Examples of the different types of NoSQL solutions are:

Key Value Store (Riak, Memcached)
Data-Structure Store (Redis)
Big Table or Column Store (Cassandra, HBase)
Document Store (Couchbase, Lucene, MongoDB)

Ironically, most NoSQL solutions have an SQL like interface.

When to use RDBMS

The RDBMS is the right choice for a very wide variety of use cases, such as when:

Data is inherently relational.
Data is tabular.
Data is user-generated (as opposed to machine generated).
You need a standard interface such as SQL used by business people or multiple applications.
Your application fits into the 99.9% of the applications that can perform and scale perfectly with a RDBMS*.
Your application truly needs ACID.

Fundamentals

Transactions

A transaction is a group of SQL statements that are a logical unit of work attributed to one connection. Most RDBS support transactions.

It has four fundamental properties:

Atomic Consistent Isolation Durable. ACID.

“Atomic” describes how after the transaction finishes the changes that each statement made seem as though were completed as one statement.

“Consistent” describes how the RDBMS will have valid data after the transaction.

“Isolation” describes the rules of how one transaction can change the values in another transaction happening at the same time.

“Durable” describes that persistent nature of an RDBMS. Once the transaction has been committed, the update will be persisted, even if there is a system failure.

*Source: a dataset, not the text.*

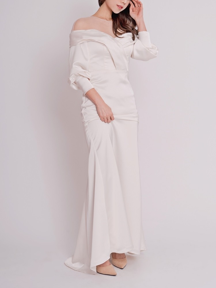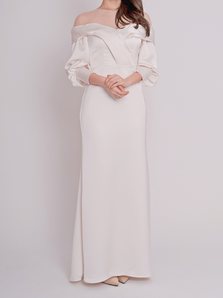 은은한 아이보리가 감도는 부드러운 도비실크에 오프숄더셔츠를 입은듯한 벨라 드레스.

Transaction Isolation Levels

Isolation Level	Phantom Reads	Nonrepeatable Reads	Dirty Reads
READ_UNCOMMITTED	yes	yes	yes
READ_COMMITTED	yes	yes	no
REPEATABLE_READS	yes	no	no
SERIALIZABLE	no	no	no

Phantom Read	T1 does query. T2 inserts rows. T1 does same query and finds new row.
Nonrepeatable Read	T1 reads a row. T2 updates the same row. T1 reads same row again.
Dirty Read	T1 updates a row, but without commit. T2 reads updated row. T1 does rollback.

I encourage you to experiment with isolation levels to understand the difference. Experiment by creating two connections to a database. T1 is connection one. T2 is connection two. Please note that not all databases support all isolation levels.

What I would Change

Use a Migration Tool

Introduce migrations to manage your database development and management process. My favorite choice is Liquibase, however, there are also Active Record Migrations, and Liquibase.

When possible, prepare are rollback plan for each migration. Also, remember that is simpler to add a column to a production system than to remove one.

Introduce only manageable incremental migrations per sprint.

Below is an example of how to run liquibase through docker-compose.

  liquibase.db:
    image: liquibase/liquibase:4.18
    command: --defaultsFile=/liquibase/config/liquibase.properties update
    depends_on:
      db:
        condition: service_healthy
    volumes:
      - ./conf/liquibase/liquibase.properties:/liquibase/config/liquibase.properties
      - ./microservice/src/main/resources/db/changelog:/liquibase/changelog

liquibase.db:

image: liquibase/liquibase:4.18

command: --defaultsFile=/liquibase/config/liquibase.properties update

depends_on:

db:

condition: service_healthy

volumes:

- ./conf/liquibase/liquibase.properties:/liquibase/config/liquibase.properties

- ./microservice/src/main/resources/db/changelog:/liquibase/changelog

Continuously Document Your Schema

Introduce a utility that publishes your schema entity relationship diagram after every database migration.

You’ll be surprised how many dialogues this creates up during design, problem solving sessions, agile grooming, planning poker, and many other scenarios.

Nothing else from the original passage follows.